You need at most 3 files:
-
model.pdb, CABS-dock resulting protein-peptide complex structure in all-atom or backbone+CB representation (it is necessary)
-
native.pdb, if the structure of protein-peptide complex is known (it is not necessary)
-
unbound.pdb, if the structure of unbound receptor is known (it is not necessary)
In each of the files, the order of the coordinates of the receptor, then the peptide should be kept. Files should be cleared of unnecessary information, such as headers, only the "ATOM" section should be kept and only from the certain chains. An effective method is to use a ready-made python script located on the path: ~/Rosetta/tools/protein_tools/scripts/clean_pdb.py
USAGE:
~/Rosetta/tools/protein_tools/scripts/clean_pdb.py model.pdb receptor_chain_id peptide_chain_id e.g. ~/Rosetta/tools/protein_tools/scripts/clean_pdb.py model.pdb A B
The output will be: model_AB.pdb.
If you use a full atomic structure or retain side chains, steric clashes can cause the rosetta energy to be bad. To avoid this there are several solutions:
1) cut Cα coordinates and reconstruct with another tool, e.g.
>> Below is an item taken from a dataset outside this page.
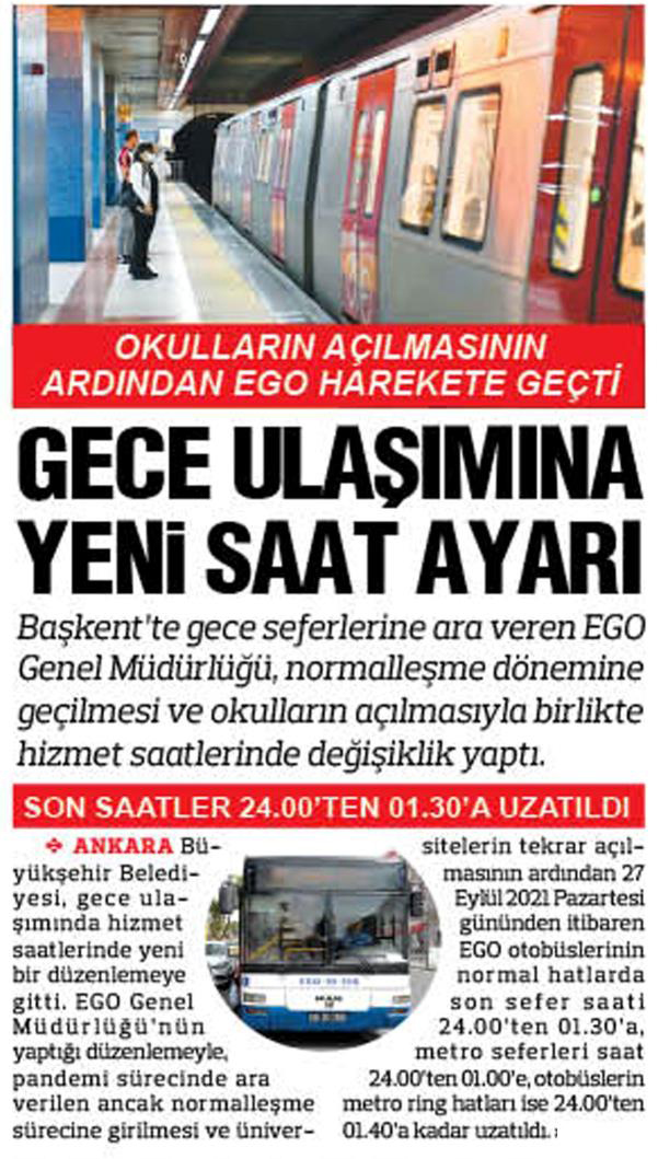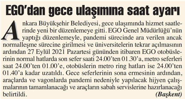 Başkent Gazetesi / 25.09.2021 EGO’dan gece ulaşımına saat ayarı

PRODART, REMO, BBQ, SAABAC
2) use the FlexPepDock protocol with -min_receptor_bb, which will allow for receptor backbone minimization
3) replace CABSdock receptor coordinates by the free receptor structure, but note that you should first align both structures using e.g. pymol or theseus software.
theseus USAGE:
theseus -sfrom-to -o reference_structure aligned_structure theseus -s0-120 -o model_AB.pdb unbound.pdb * -s option is the receptor residues selection
The output will be: theseus_sup.pdb – unbound receptor superposed on CABSdock receptor.
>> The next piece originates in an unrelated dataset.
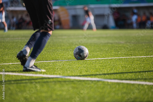 Close-up of the ball on the green lawn of the football field - the goalkeeper puts the ball into play

Then you should replace the coordinates of receptor:
~/Rosetta/tools/protein_tools/scripts/clean_pdb.py model_AB.pdb B #cut peptide coordinates cat theseus_sup.pdb model_AB_B.pdb > model.pdb #paste unbound receptor and peptide
INITIAL PREPACK
Before you start the proper FlexPepDock simulation, you should quick prepack input structure:
USAGE:
~Rosetta/main/source/bin/FlexPepDocking.proper_compilation_version -database ~/Rosetta/main/database -s model.pdb -flexpep_prepack -ex1 -ex2aro
The output will be: model_0001.pdb
You can change file name: mv model_0001.pdb model_prepacked.pdb
FlexPepDock REFINEMENT
First, you should prepare a flexpepdock.flagfile:
#-bGDT -nstruct 250 #how many decoys you need -in::file::s /PATH/model_prepacked.pdb #input protein-peptide complex -out:file:silent flexpepdock.silent #output silent file name -out:file:silent_struct_type binary -pep_refine -ex1 -ex2aro -use_input_sc -unboundrot PATH/unbound.pdb #input unbound receptor for rotamers (not necessary)
USAGE:
~/Rosetta/main/source/bin/FlexPepDocking.proper_compilation_version -database ~/Rosetta/main/database @flexpepdock.flagfile
EXTRACT PDBs
The silent file is a rosetta output format that is used to store ensembles of structures. Each frame in a silent file has a unique identifier, which is called the decoy-tag. The uniq decoy-tag ”decription” is at the end of each line that belongs to the respective frame, which allows to identify and extract frames. The most popular criterion is rosetta score ”score”, which allows you to choose models with top-best rosetta energy:
grep '^SCORE' flexpepdock.silent | cut -c 1-284,309- > tmp cat tmp | sort -k1,1 -k2g > silent_scores.sc cat silent_scores.sc | sort -k2g | awk '{print $47}' | head -11 | tail -10 > top10.tag * check if column 47 in silent_scores is the ‘description’
USAGE:
~/Rosetta/main/source/bin/extract_pdbs.proper_compilation_version -in:file:silent /PATH/flexpepdock.silent -in:file:tagfile top10.tag
3.11 Docking to GPCRs
Recently, we've proposed a CABS-dock based protocol dedicated for modeling GPCR-peptide systems. The protocol details are provided in the work: Badaczewska-Dawid A, Kmiecik S, Kolinski M. Docking of peptides to GPCRs using a combination of CABS-dock with FlexPepDock refinement (submitted).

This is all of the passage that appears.